There are several methods to classify data from a dataset. One notable method is to use decision trees which are recursively generated data structures based on the training data.

For this assignment, the task is to classify whether a given instance of a person's details can be used to deduce if they earn more or less than 50,000 USD per annum.

This project is a modern, C++11 implementation of a Decision Tree. For saving execution time, the rules deduced by the classifiers are stored in the rule_bases directory.

Installation

This project has dependencies on the SQLite3 library and SQLiteCpp for interfacing SQL with C++ code. The project has been built with CMake. The libraries can be downloaded with:

sudo apt install libsqlite3-dev libsqlite3-0
 cmake

The SQLiteCpp must be built from source. Instructions for doing so can be found here: https://github.com/SRombauts/SQLiteCpp/

Once the library has been installed, clone or unzip the files to your favourite folder and run:

mkdir build
cd build
cmake ..
make -j4

Executables can be found in build/. For testing your setup, run ./test_p which will calculate the score of the decision tree computed by a standard ID3 algorithm.

Code Base

The code depends on two main header files:

DataEngine.h

The ID3 algorithm requires several lookups to find data satisfying a certain attribute to classify it accurately. The DataEngine header file encapsulates all of the common lookups required in the ID3 algorithm, such as getting the count of an instance satisfying certain properties and the list of distinct attributes of the dataset among many others.

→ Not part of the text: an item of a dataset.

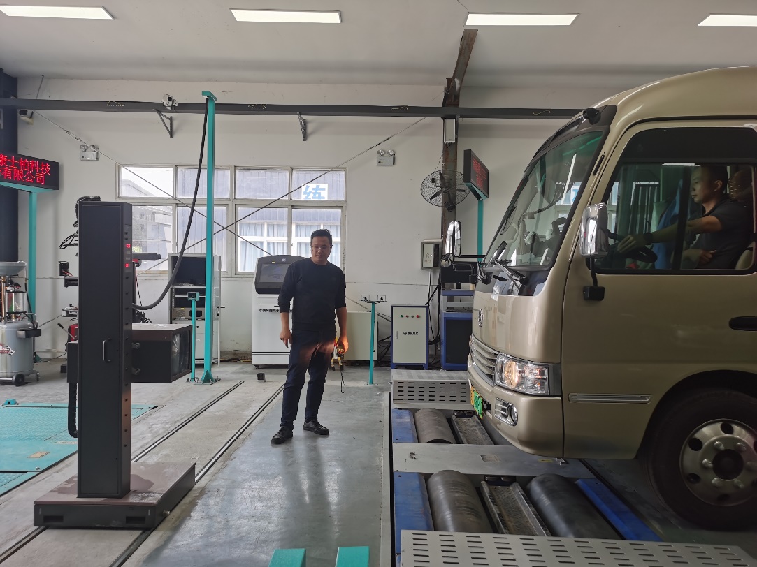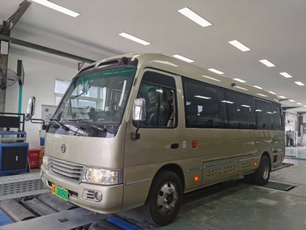 检测团队依托新能源公交车检测线,综合运用新能源汽车整车安全检验装备、电安全检验装备、加载制动检测台、轮重检测台、底盘间隙仪、前照灯检测仪及外廓尺寸测量仪等先进设备,对车辆展开全方位技术诊断。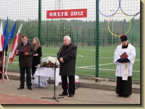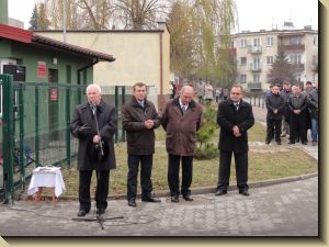 Po wprowadzeniu pocztu sztandarowego i od¶piewaniu hymnu państwowego uroczysto¶ć rozpocz±ł p. Janusz Stypka – Zastępca Burmistrza, który powitał przybyłych go¶ci i poinformował o kosztach inwestycji oraz jej wykonawcach. Okoliczno¶ciowe przemówienia wygłosili Burmistrz J. Kałuża, Przedstawiciel Wojewody p. Andrzej Szczeponek, Przewodnicz±cy Rady Powiatu p. Jarosław Rydzek, Członek Zarz±du Powiatu p. Henryk Kasiura oraz Burmistrz ¦niatynia Anatolij Szumko.

The DataEngine works by using an instance of an SQLite3 database loaded in RAM. As the given database is only 5MB, this can be done without having to worry about running out of memory.

DecisionTree.h

This header file contains the functions to generate a DecisionTree. The class encapsulates a structure called DecisionTreeNode which specifies the data contained in each node of the Decision Tree.

The struct definition of DecisionTreeNode is as follows:

enum NodeType {
    TerminalNode,
    AttributeNode,
    RootNode
};

struct DecisionTreeNode {
    std::vector<DecisionTreeNode*> children; // each node of the DecisionTreeNode has a vector of pointers to the next nodes in the tree
    NodeType type; // useful for letting us know whether we are at the "Top" (root) or "Bottom" (terminal) of the tree
    ItemPair attributePair; // attributes and values are stored as pairs, like <"outlook", "'sunny'">
};

Given a dataset, the DecisionTree first stores the data in its member DataEngine object. which in turns initialises the database in RAM. After this, the DecisionTree builds the tree starting from its member root node.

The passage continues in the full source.